Das beklagte Finanzamt (FA) behandelte den Verkauf des PKW bei der Umsatzsteuerveranlagung für das Streitjahr mit Umsatzsteuerbescheid vom 26. Mai 2000 als steuerpflichtig. Der Bescheid stand unter dem Vorbehalt der Nachprüfung. Die Steuer errechnete das FA aus dem Kaufpreis (23.500 DM) und erhöhte die Bemessungsgrundlage für die steuerpflichtigen Umsätze von 1.058.689 auf 1.082.189 DM. In dem Erläuterungstext des Steuerbescheides führte es hierzu aus, die Veräußerung des PKW sei steuerbar und steuerpflichtig, da es sich um eine Lieferung aus dem Unternehmensvermögen handele. Die Anwendung des § 25 a UStG sei auf Wiederverkäufer beschränkt. Als Wiederverkäufer nach § 25 a Abs. 1 Nr. 1 UStG gelte, wer gewerbsmäßig mit beweglichen körperlichen Gegenständen handele oder solche Gegenstände im eigenen Namen öffentlich versteigere. Dies treffe auf die Klägerin, eine Steuerberatungsgesellschaft, nicht zu. Die steuerpflichtigen Umsätze würden daher um 20.258,62 DM erhöht.

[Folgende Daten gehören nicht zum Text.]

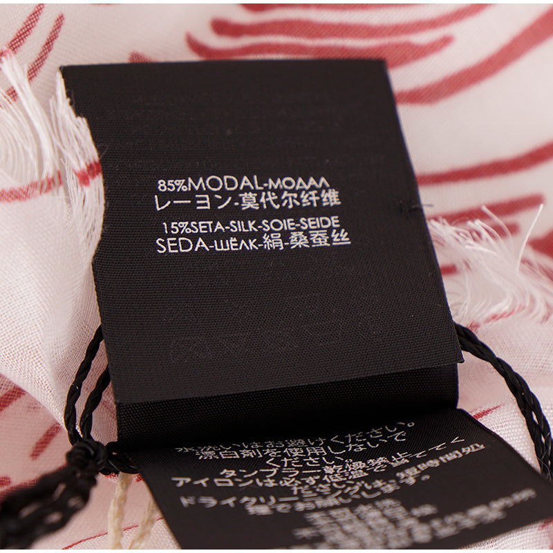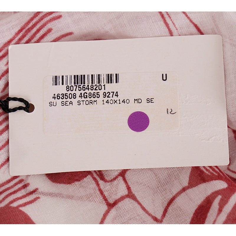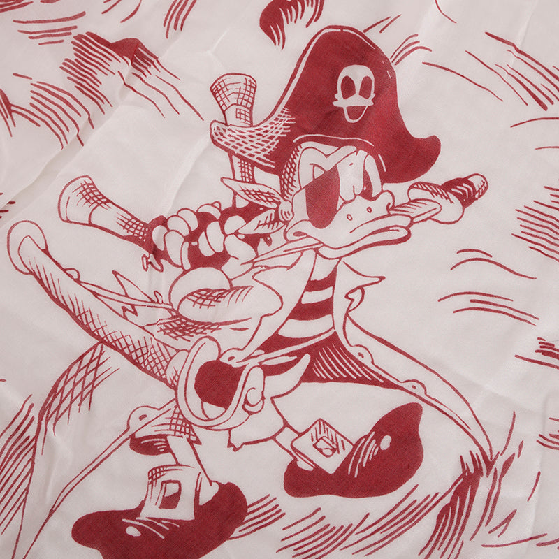 Authentic Gucci scarf in a whimsy print. Ivory woven-fabric enlivened with dark red sketches of Donald Duck as a pirate. Soft modal and silk blend. Sea Storm print. Raw edges. 85% modal, 15% silk. Style 463508. Made in Italy. Sure to get noticed.

Mit Änderungsbescheid vom 10. Juni 2002 setzte das FA die Bemessungsgrundlage für die Lieferungen und sonstigen Leistungen zu 16 % von 1.082.189 DM auf 1.078.947 DM herab. Die Änderung war erforderlich, da das FA in dem geänderten Bescheid vom 26. Mai 2000 die Bemessungsgrundlage für den Umsatz aus der Veräußerung des PKW nicht um den Nettobetrag in Höhe von 20.258,62 DM sondern um den Bruttobetrag in Höhe von 23.500 DM erhöht hatte. Der Vorbehalt der Nachprüfung blieb bestehen.

Durch Entscheidung vom 14. Juni 2002 wies das FA den von der Klägerin gegen den Umsatzsteuerbescheid 1998 vom 26. Mai 2000 eingelegten Einspruch als unbegründet zurück. Hiergegen richtet sich die am 15. Juli 2002 fristgemäß erhobene Klage.